§ Brief: Repeat the listing word for word, but skip any pictures.

§ Exercise data:
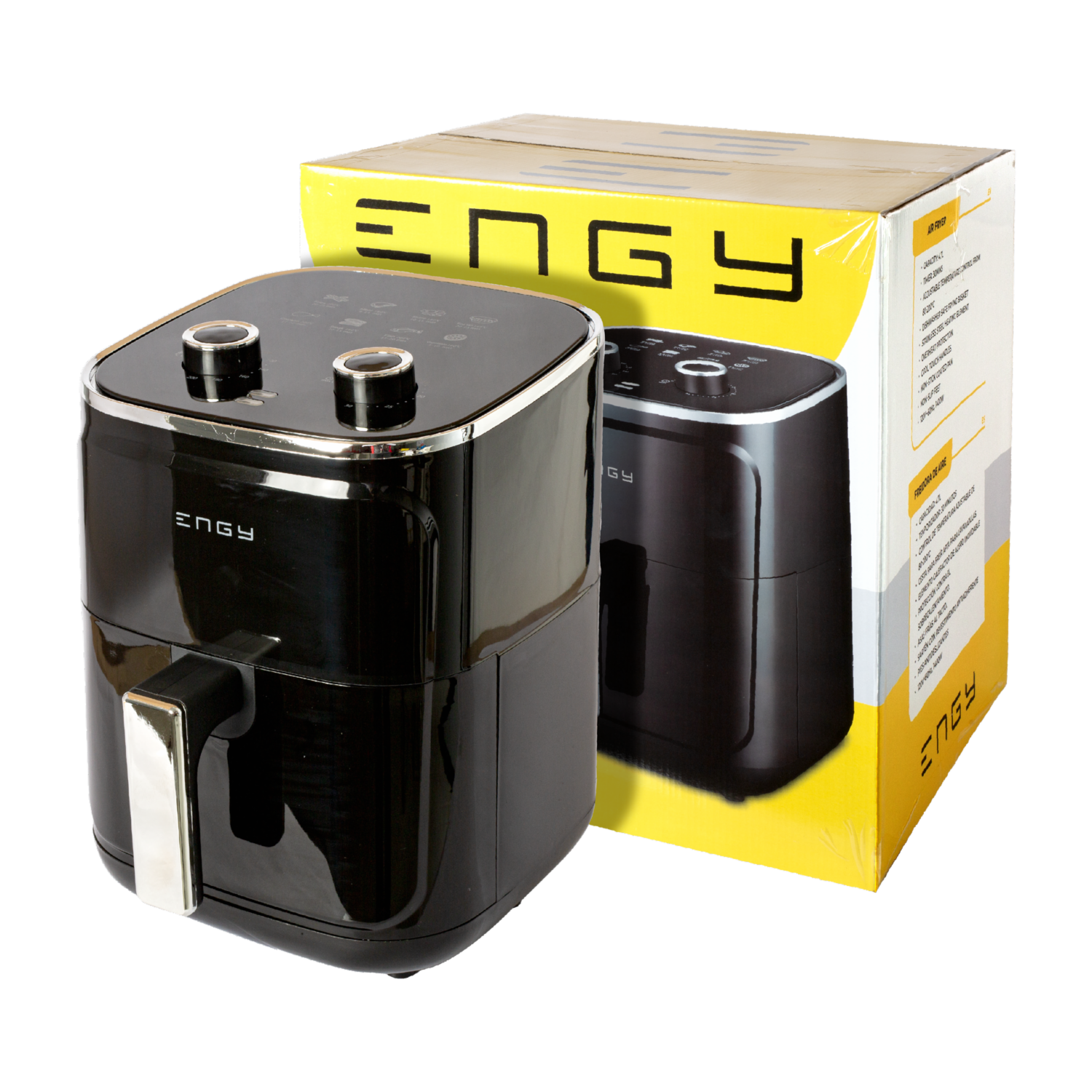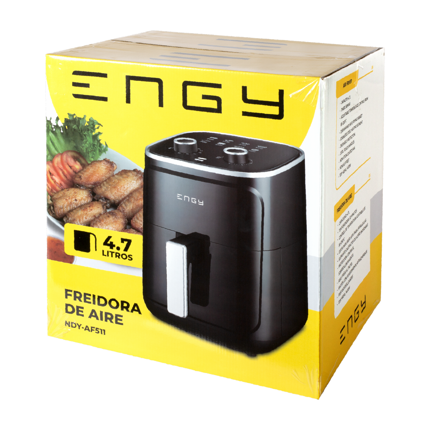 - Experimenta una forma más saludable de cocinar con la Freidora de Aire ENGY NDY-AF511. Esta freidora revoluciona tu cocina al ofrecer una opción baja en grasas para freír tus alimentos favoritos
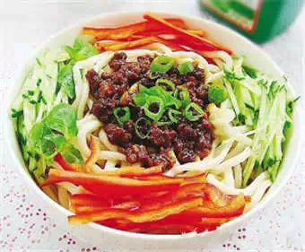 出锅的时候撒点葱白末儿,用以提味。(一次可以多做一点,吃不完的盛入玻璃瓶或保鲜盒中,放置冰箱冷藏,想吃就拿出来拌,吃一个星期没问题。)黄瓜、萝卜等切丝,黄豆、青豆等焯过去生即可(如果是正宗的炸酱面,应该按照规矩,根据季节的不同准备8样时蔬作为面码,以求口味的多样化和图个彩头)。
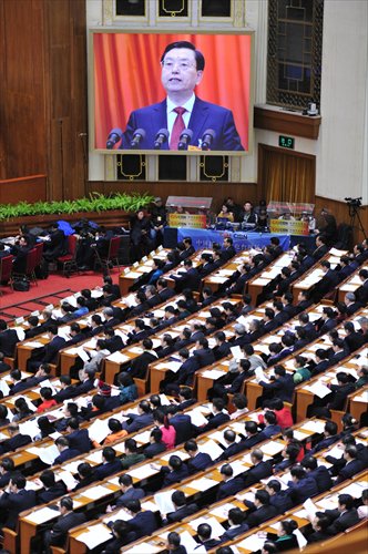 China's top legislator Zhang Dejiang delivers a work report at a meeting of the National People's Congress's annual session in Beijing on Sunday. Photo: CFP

§ Task answer:
 - Experimenta una forma más saludable de cocinar con la Freidora de Aire ENGY NDY-AF511. Esta freidora revoluciona tu cocina al ofrecer una opción baja en grasas para freír tus alimentos favoritos
 出锅的时候撒点葱白末儿,用以提味。(一次可以多做一点,吃不完的盛入玻璃瓶或保鲜盒中,放置冰箱冷藏,想吃就拿出来拌,吃一个星期没问题。)黄瓜、萝卜等切丝,黄豆、青豆等焯过去生即可(如果是正宗的炸酱面,应该按照规矩,根据季节的不同准备8样时蔬作为面码,以求口味的多样化和图个彩头)。
 China's top legislator Zhang Dejiang delivers a work report at a meeting of the National People's Congress's annual session in Beijing on Sunday. Photo: CFP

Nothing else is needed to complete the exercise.